Goal of the exercise: Leave the pictures out and repeat the rest of the data below exactly.

Data extract:
============================================================

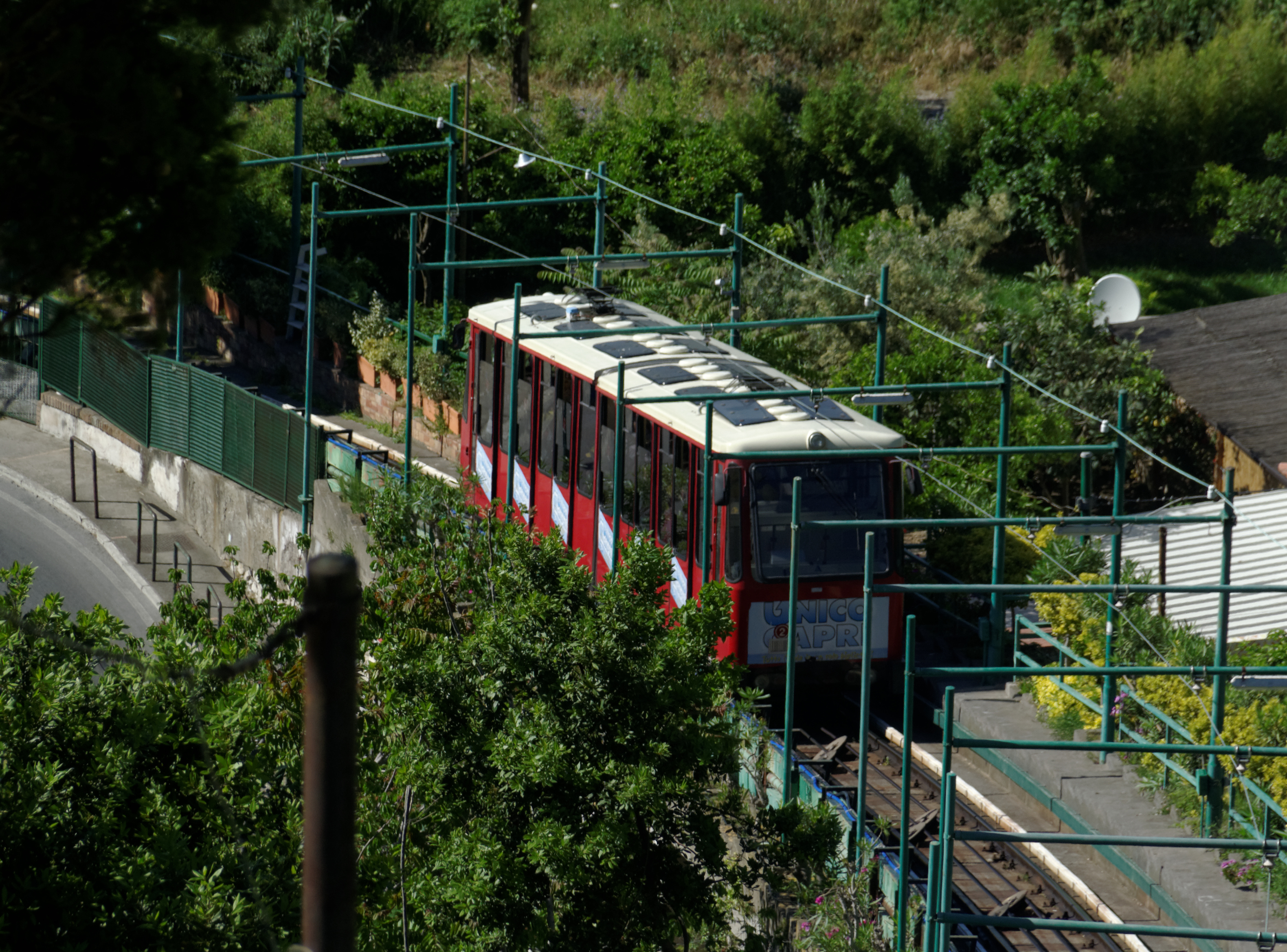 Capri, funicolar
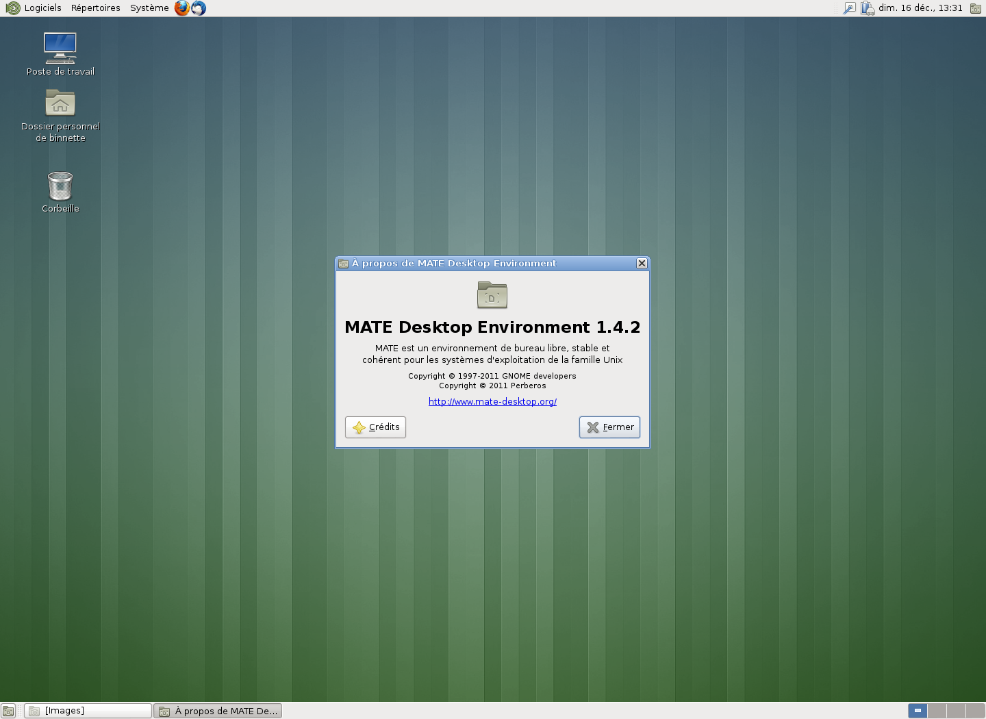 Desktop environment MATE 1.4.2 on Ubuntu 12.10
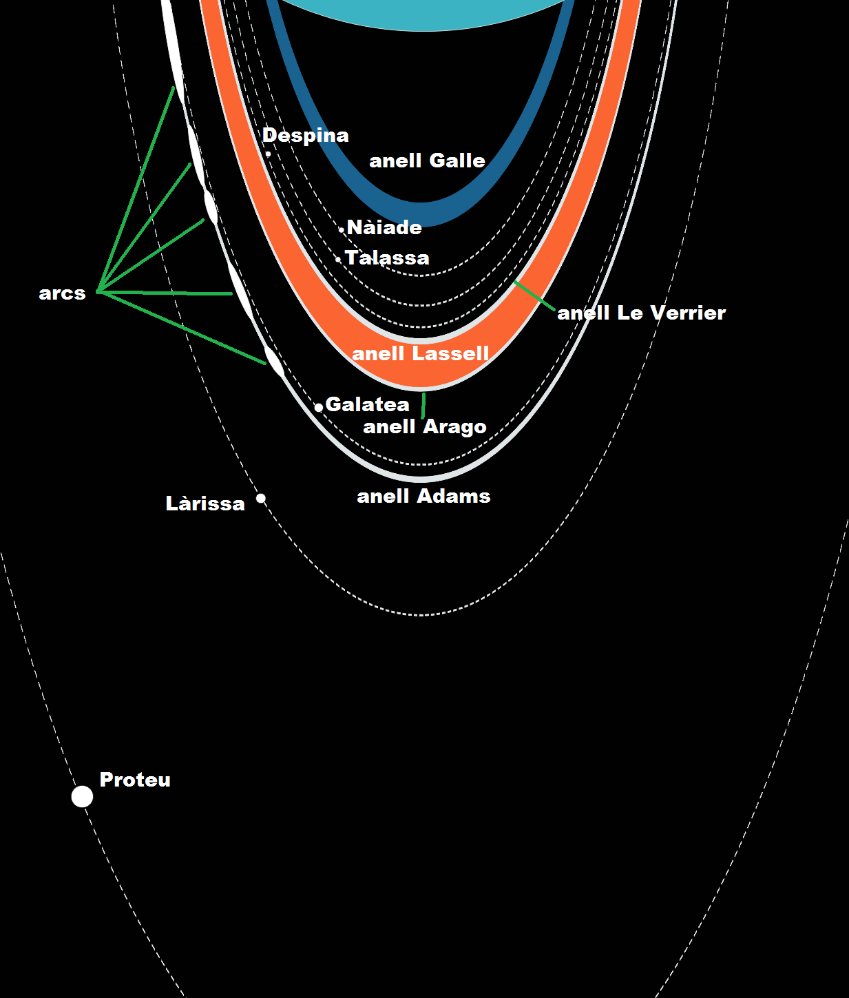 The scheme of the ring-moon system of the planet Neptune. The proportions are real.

============================================================

Reply:
 Capri, funicolar
 Desktop environment MATE 1.4.2 on Ubuntu 12.10
 The scheme of the ring-moon system of the planet Neptune. The proportions are real.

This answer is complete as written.